Ancient city in Calabria, Italy

Scylletium, (Note: Also spelled Scolacium, Scylacium, Scolatium, Scyllaceum, Scalacium, or Scylaeium in Latin; Σκυλλήτιον (per Stephanus of Byzantium and Strabo), or Σκυλάκιον (per Ptolemy).) later Minervium and Colonia Minervia, was an ancient seaside city in present-day Calabria, southern Italy. Its ruins can be found at the frazione (borough) of Roccelletta in Borgia, near Catanzaro, facing the Gulf of Squillace.

==History==

===Greek era===

Skylletion may originally have been founded in the 7th c. BC on the Punta di Staletti promontory.

In any case Scylletium was situated from the 6th c. BC on the east coast of Calabria (ancient Bruttium), on the shores of an extensive bay, to which it gave the name of Scylleticus Sinus.

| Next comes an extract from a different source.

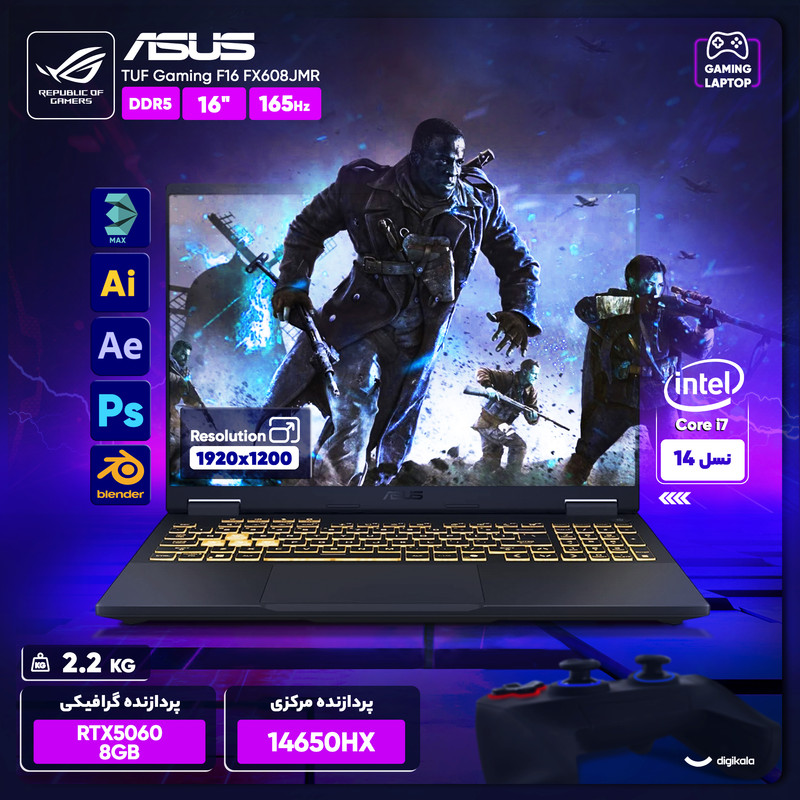 لپتاپ ASUS TUF Gaming F16 FX608JMR با ترکیب سختافزاری قدرتمند و طراحی مستحکم، یکی از کاملترین گزینهها در رده گیمینگ محسوب میشود. این دستگاه با وزن ۲.۲ کیلوگرم و ابعاد ۲۷.۳ × ۲۶۹ × ۳۵۴ میلیمتر طراحی شده و بهلطف شاسی بهینهشده سری TUF، مقاومت بالا و عملکرد پایدار را همزمان ارائه میدهد. قلب سختافزاری دستگاه پردازنده شانزده هستهای Intel Core i7‑14650HX از نسل چهاردهم است که با فرکانس ۱.۶ تا ۵.۲ گیگاهرتز و حافظه کش 30 مگابایت، قدرت کافی برای اجرای بازیها، پردازشهای سنگین و کارهای تولید محتوا فراهم میکند. در کنار این پردازنده قدرتمند، کارت گرافیک NVIDIA GeForce RTX 5060 با هشت گیگابایت حافظه اختصاصی و توان 100 وات (تا 115 وات در حالت افزایشی) اجراهای روان و نرخ فریم بالا در بازیهای روز را تضمین میکند. وجود 32 گیگابایت حافظه رم DDR5 با فرکانس 5600 مگاهرتز امکان اجرای همزمان چندین برنامه و بازی را بدون افت سرعت فراهم میسازد. حافظه داخلی یک ترابایت SSD از نوع PCIe 4.0 NVMe فضای کافی و سرعت بارگذاری بالا ارائه میدهد و وجود دو اسلات M.2 قابلیت ارتقا را برای کاربر آسان میکند. در بخش نمایشگر، پنل شانزده اینچی IPS Level با رزولوشن ۱۲۰۰×۱۹۲۰ و نرخ نوسازی 165 هرتز تصویری روان، دقیق و مناسب بازی ارائه میدهد و پوشش 100 درصدی فضای رنگی sRGB برای کارهای گرافیکی نیمهحرفهای نیز مناسب است. پشتیبانی از G‑Sync، MUX Switch و فناوری NVIDIA Advanced Optimus کیفیت تصویر و عملکرد گرافیکی را به سطح بالاتری میبرد. باتری چهارسلولی 90 واتساعتی شارژدهی بسیار خوبی برای این کلاس سختافزاری فراهم میکند. وجود پورتهای کامل شامل USB‑C، Thunderbolt چهار، HDMI 2.1، LAN و Wi‑Fi 6E قابلیت اتصال گستردهای ارائه میدهد. کیبورد با نورپردازی تکناحیه RGB، وبکم ۱۰۸۰p و اسپیکرهای مجهز به Dolby Atmos تجربهای کامل برای کاربری گیمینگ فراهم میکنند.
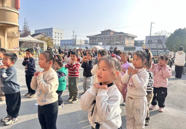 伴随着欢快的节奏,孩子们的脸庞洋溢着满满的笑容,动作有力,动感的音乐配上整齐的舞蹈动作,成为了操场上一道美丽的风景线。

According to a tradition generally received in ancient times, Scylletium (Σκυλλήτιον) was founded by an Athenian colony of Magna Graecia, a part of the followers who had accompanied Menestheus to the Trojan War. Solinus also mention that the Scylaceum was established by Athenians.
Another tradition was, however, extant, which ascribed its foundation to Ulysses. However, it did not display any friendship towards the Athenians.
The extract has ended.